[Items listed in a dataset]
● ● ● ● ● ● ●

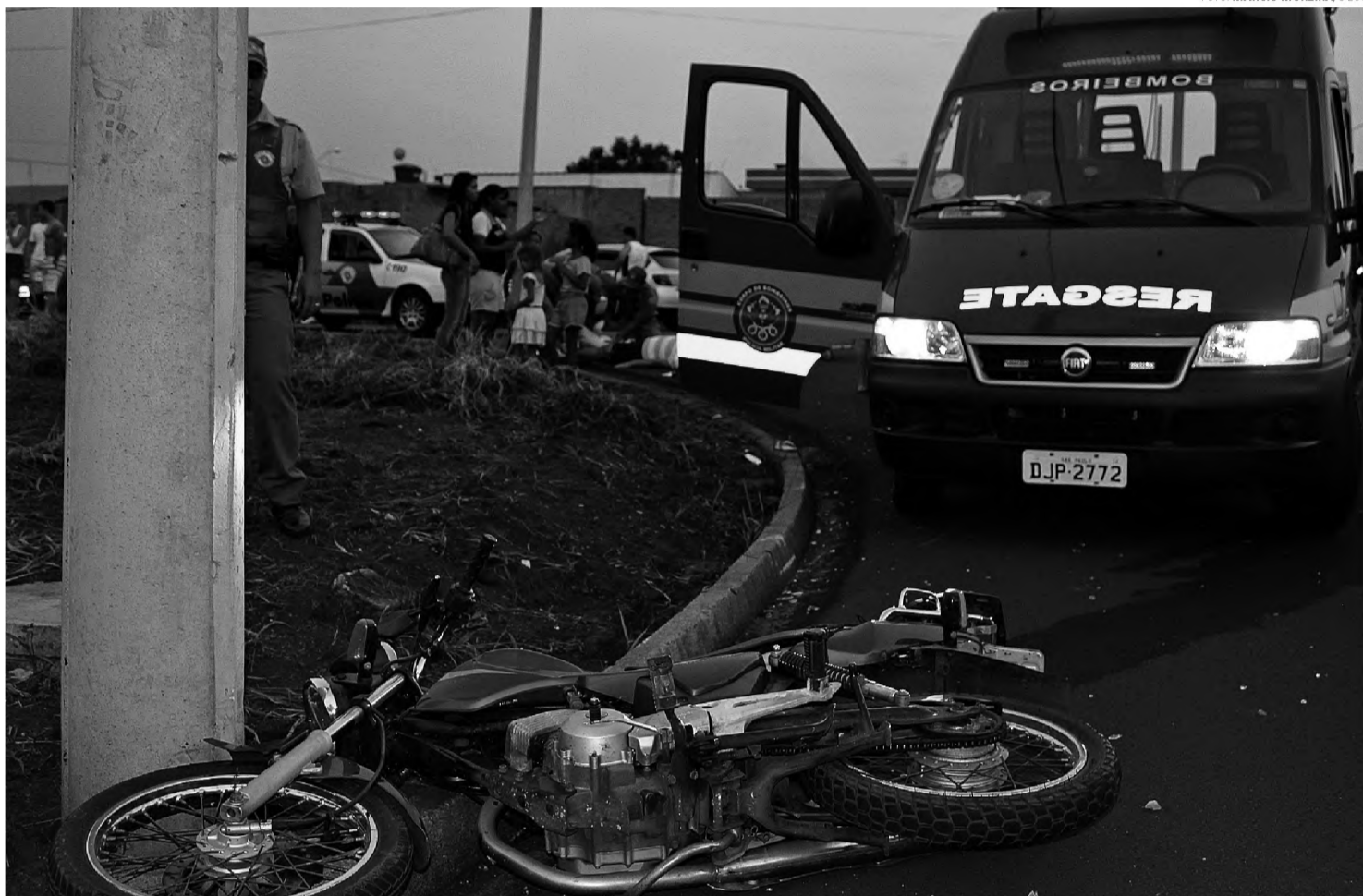
DUAS RODAS - Dados da Secretária de Segurança Pública indicam maior número de acidentes em Lençóis Paulista envolveu motocicletas

Foi o segundo registro envolvendo bicicleta e menor de idade em oito dias; 17 pessoas morreram vitimadas por acidentes em Lençóis Paulista nos últimos 26 meses, segundo registros da SSP
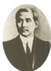
图 3 孙中山
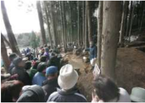
埋蔵文化財現地説明会の様子

市内の文化財を広く市民へ公開し、文化財保護精神の普及・啓発を図るため、白河市ではホームページで国・県・市指定の文化財を写真及び説明付きで分かりやすく紹

● ● ● ● ● ● ●

Output the line containing "埋蔵文化財現地説明会の様子" and every line after it through the final line of the records above, exactly as written and nothing else.

埋蔵文化財現地説明会の様子

市内の文化財を広く市民へ公開し、文化財保護精神の普及・啓発を図るため、白河市ではホームページで国・県・市指定の文化財を写真及び説明付きで分かりやすく紹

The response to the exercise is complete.